For a Parrot 3000, 3100 or 3200 install without steering wheel phone button activation, there is no harness required for the radios that have ISO plugs at the back of the radio. If you have Bose, you may have to make a couple of custom connections and I can send anyone a diagram if they need. More recent double high radios (2007+) and RSN-e radios need a VW style harness that we call a QCVW-1. But again, the QCVW-1 is NOT for a steering wheel phone button activation.
For steering wheel activation in an A3 or A4, you need an Audicom module as shown in a post above, a Parrot 3000 Evolution kit SPECIFICALLY and one of 2 harnesses that are completely plug and play. For the mutliplug radios (2 eight pin, one 10 pin and one CAN BUS multipin) you need our QCAud-2 harness - see pic below. For RSN-e and recent double high radios, you need the QCVWS-3 which is shown in the post above. These 2 harnesses make life very easy and only take a few minutes to install. We have tested the Multican unit described by the original poster and it is a bear to install - hence the other solutions we came up with for the Audicom box. 









ps - Safewireless is one of the well respected vendors of our Audi steering wheel activation bluetooth kits.


_Modified by Quick Connect at 5:10 PM 1-26-2009_


----------



## MisterJJ (Jul 28, 2005)

*Re: (Quick Connect)*


_Quote, originally posted by *Quick Connect* »_Hi again. The website is not wrong but it is confusing. 


You sure? I have a 2006 with no NAV, concert II stereo with single DIN. It says "No Harness Required" for this configuration, implying that the Parrot plugs right into it. This is not the case.
I think the early 2006 models had a Concert I stereo with a tape player (Ugh!). Maybe that stereo did not require a harness.


----------



## skotti (Sep 27, 2005)

*Re: (MisterJJ)*


_Quote, originally posted by *MisterJJ* »_
You sure? I have a 2006 with no NAV, concert II stereo with single DIN. It says "No Harness Required" for this configuration, implying that the Parrot plugs right into it. This is not the case.
I think the early 2006 models had a Concert I stereo with a tape player (Ugh!). Maybe that stereo did not require a harness.

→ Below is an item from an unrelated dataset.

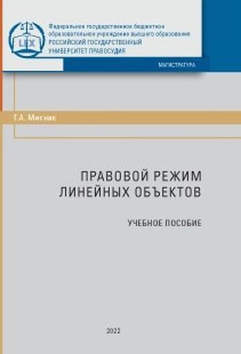 Мисник, Г. А. Правовой режим линейных объектов : курс лекций / Г. А. Мисник. — Москва : Российский государственный университет правосудия, 2022. — 55 c. — ISBN 978-5-93916-986-8. — Текст : электронный // Цифровой образовательный ресурс IPR SMART : [сайт]. — URL: https://www.iprbookshop.ru/126123.html (дата обращения: 25.11.2022). — Режим доступа: для авторизир. пользователей

I have an early model (purchased June 2005) with no NAV, and a Concert (single DIN) -- but I think it is Concert I- with a single CD player; it has the connection from the back of the radio to the glove box for the CD changer (which I use for the Ipd connection).


----------



## Quick Connect (Oct 26, 2008)

*Re: (MisterJJ)*

It has been a while since I tried a Multican unit, but send me a picture of the back of your radio and I'll send you a diagram for connection. Do the Parrot gray and black female 8 pin ISO plugs not physically fit or is your problem that Parrot is not getting power? Remember, in 2003+ cars you won't get 12V switched on the power ISO to turn on the Parrot. So you will need to clip the orange wire at the top of the 12V switched Parrot fuseholder and connect to an external source of 12V switched ignition voltage. 
You can write to me for help at howard @ quickconnectproducts.com


----------



## dfischer1 (May 20, 2004)

*Re: (Quick Connect)*

OK I'm bringing this topic back because I've summoned enough courage to put in a last ditch effort to make this thing work.
I've read everything I could about this install and still have two questions.
#1
For the two 8-pin connectors shown below - Is the brown/orange one the speakers and the black one the 12V power/etc?









#2
For the green and white MULTICAN conector, I already have a Blitzsafe Ipod adapter in there. Can I splice the Parrot green/white wires into the Blitzsafe harness' green/white wires?
Thanks,
DF


----------



## mattA3 (Feb 24, 2010)

*Re: (dfischer1)*

I have a 2007 Audi A3 with Single DIN Concert radio. It has the connectors like pictured above.
After the fact I found out that I do not need the harness that is used on the double DIN radio. 
So I am usinf the harneses that came with the Parrot CK 3000. THe only thing it seems is missing is a ignition power source.
Can any one who has installed a CK 3000 and the single DIN concert radio confirm this? Where is the easiest spot to get ignition power? Also which mute in connector would I use?
Thanks. I hope this will bring this post to a conclusion for anyone else with this combo.
Matt


----------



## mattA3 (Feb 24, 2010)

*Re: (mattA3)*

Got it working with ignition source in the fuse box. Now I need to figure out how to integrate the SW101c steering wheel control. I think a just need to connect the two can bus wires? Whish I could get some input from someone who has installed the SW101c with the single DIN radio.
Matt


----------



## xyian11 (Aug 5, 2010)

Did you ever have any success with this? If I had no need to purchase a connector and it is an easy splice then I would do this in a heartbeat! I'm tired of crappy earpieces that die in 6 months.


----------